Updated: June 15, 2015 12:50:26 am
With Atal Bihari Vajpayee ruminating ruefully over the fall of his government for want of just one vote, the Congress party’s hopes of quickly forming an alternative government headed by Sonia Gandhi rose fast. The wily and pragmatic patriarch of the CPM, Harkishan Singh Surjit, had quietly conveyed to 10 Janpath that the Left Front would back a Sonia-led government without joining it. Lalu Prasad, the supremo of the Rashtriya Janata Dal, though under trial for the massive fodder scam, was even more supportive. Self-styled Machiavellis in the coterie surrounding the Congress president were convinced that all other “secular parties” would take the same stand because they wanted to get rid of the “communal BJP” for good. For her part, Sonia Gandhi was not yet familiar with the complexities and intricacies of Indian politics, or of the deviousness of politicians. So she relied on her advisors, among whom Arjun Singh was the principal strategist. Soon enough, he told the media that any numeral deficiency would be made up by “migratory birds”. In other words, the Congress had no compunction about admitting that it would not hesitate to bring about defections from the BJP camp. Until then, the party’s boast had been that Rajiv Gandhi was the only prime minister to get the anti-defection law passed to end the chronic curse of “politics without principles”.
It was in this atmosphere that President K.R. Narayanan fixed a date for all those staking a claim to form a government to meet him and explain how they would muster a majority. Sonia Gandhi was, of course, the first to go. After talking to the president, she announced in the forecourt of Rashtrapati Bhavan that she had told the president that she did not have a majority at that precise moment but had “advised him that within two days, we will have 272 (the majority mark in the Lok Sabha) with more coming in”. This was her big blunder. There was no way she could make good her claim. Not a single “migratory bird” had flown into the Congress coop. Sonia’s credibility plummeted and her “dream started turning into a nightmare”.
Her counsellors had foolishly forgotten that however secular the regional parties, each one of them had made it crystal clear that they were equally opposed to both the BJP and the Congress. Remarkably, they never made any bones about this even when they ruled at the Centre (1996-98) first under the leadership of H.D. Deve Gowda and then of I.K. Gujral. Even though their government was totally dependent on the Congress’s support “from outside”, it went on advertising its equidistance from the two mainstream parties. It is also a measure of the Indian style of politics that the Congress pulled the plug on both Gowda and Gujral, which is how the BJP and its allies had come to power in the first place.

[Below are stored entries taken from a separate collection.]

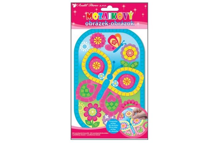 Vytvořte si krásný obrázek motýla o rozměru 14 x 25 cm. Mozaiku můžeme vřele doporučit, ozdoby jsou dostatečně velké, takže se s nimi dětem dobře pracuje, obrázek je vytištěný na tvrdém papíře, takže se nezmačká. Pod dohledem dospělého zvládnou mozaiku i dvouleté děti. Jednotlivé díly mozaiky jsou ve čtyřech blyštivých barvách a nalepují se podle barev.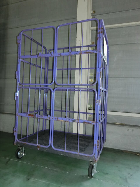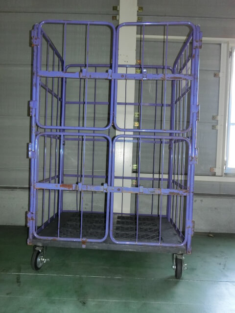 ご好評をいただいております、こちらの上下観音扉タイプかご台車(ロールボックスパレット)。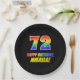 Cette conception joyeuse, colorée et amusante de plaque de papier à thème d'anniversaire comporte un grand nombre de "72" et le message "HAPPY BANTHDAY", tous deux ayant un dégradé arc-en-ciel de couleur motif inspirée, ainsi qu'un nom jaune audacieux modifiable. Il a un arrière - plan de couleur noire. Des plaques de papier sur le thème de l’anniversaire comme celle-ci pourraient être utilisées lors d’une fête célébrant le soixante-douzième anniversaire de quelqu’un. [~Z0000488]
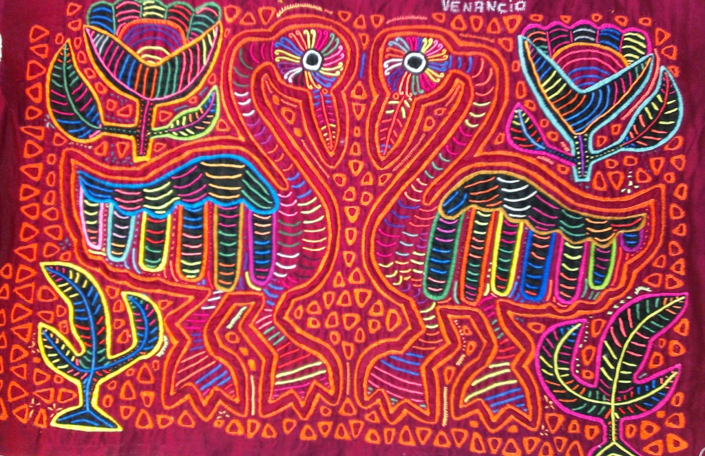 Mola. Les broderies sur plusieurs épaisseurs de tissus reprennent des motifs traditionnels, animaux ou dessins géométriques.

While the Congress party’s desperate, last-minute efforts to gather support were still on, it was Mulayam Singh Yadav, leader of the Samajwadi Party with 17 members in the Lok Sabha, almost all of them from Uttar Pradesh, who put an end to the charade. He declared that the Congress could not be allowed to rule alone. It must either include other parties in the new government or support from outside a secular government formed by others. He was not alone. Others joined him. At this juncture, those determined to keep the BJP out of power came up with a reasonably viable idea. They said that the new government should be headed by West Bengal’s highly respected Marxist chief minister, Jyoti Basu, every inch a bhadralok (gentleman). But this was unacceptable to the Congress leadership, still firm on riding the Pachmarhi high horse. Ironically, there was even stronger resistance to this idea in Basu’s own party, the CPM, which felt that it was wrong for a Marxist to even join a “bourgeois government”, leave alone lead it. Basu was later to call this doctrinaire inflexibility a “historic blunder”. Incidentally, Basu ruled West Bengal continuously for a quarter of a century.

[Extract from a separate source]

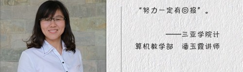 记 者:作为一名计算机专业的女老师,您是否觉得与男老师相比在理科上会有劣势? 潘玉霞:不会,理科一直是我所喜欢的,能够担任计算机专业老师我很高兴,虽然在这个专业女性教师没有什么优势,但我相信“勤能补拙”,既然我做出这样的选择,我就要对学生、学校负责,付出比其他老师会更多一些。同时,作为女老师,可以更好地与学生进行沟通,更有耐心的去教导学生。 记 者:那您在授课的过程中,有什么活跃课堂的秘诀呢? 潘玉霞:与学生的互动是很重要的,计算机不同于其他的专业课程,由于是公共基础课,有一定的枯燥性,但是我会在课上让学生对课堂所学的知识进行练习,不断地巩固技巧,强化记忆,有效地提高课堂学习效率。对于学生提出的问题与疑惑,我也都会一一认真地进行解答。 记 者:谈一谈您对于教书育人的看法吧? 潘玉霞:首先要贯彻好学校的育人理念,严于律己,加强自身的道德文化修养,将自己的所思、所想、所学传授给学生,从而给学生传达一种正确的人生观、价值观,引导他们更快地发展。我也有自己的孩子,在教导孩子的过程中,懂得了孩子的需求与想法,更能够体会现在同学的想法,将这种思想融入平时的教学中,把学生当做自己的孩子一般,循序善诱,让学生更易于接受。教书育人不仅仅是学习上的教导,更应是教导学生如何做人,更好地适应这个社会。他们走向社会的成功与否,有着教师一部分的责任,现在我们尽可能将自己所掌握的更多的知识、为人处世教给他们,让他们在社会中少走些弯路,有更好的发展。 记 者:在计算机方面,您对学生还有其他课外的培训吗?

By this time, Narayanan had decided to ask Vajpayee to stay on as a caretaker prime minister until the next election. For this, Sonia Gandhi was much blamed. Critics said she had started with the objective of dislodging the BJP’s defeated government but succeeded only in foisting a fresh election on the country — the third in three years — and thus gave the Vajpayee government an extension for a relatively protracted interregnum because fresh elections could not be held during the monsoon. The Election Commission therefore scheduled them for September-October. Who knows, many said, what might happen during this long period with the BJP still at the helm, even
if as a caretaker? Their apprehensions were to prove right.
In February 1999, when his party was still in power legitimately, Prime Minister Vajpayee took a bus ride to Lahore for a summit meeting with Nawaz Sharif, then, as now, prime minister of Pakistan. Like so many other India-Pakistan summits, before and after, it produced nothing except the high-sounding Lahore Declaration. In early May, it was discovered that Sharif’s hand-picked army chief, General Pervez Musharraf, had been infiltrating soldiers of the Northern Light Infantry into the strategic heights of Kargil in Jammu and Kashmir. This was obvious negligence of national security by us. However, when the Kargil War began, it was gallantly won by India. This war, which needs to be discussed separately — followed by Musharraf’s coup against Sharif — contributed materially to the stronger mandate the BJP and its allies got in the September poll.
Vajpayee, who was conferred the Bharat Ratna recently, has several claims to a prominent place in modern Indian history. The best of these is that he is the first non-Congress PM to rule the country for six continuous years.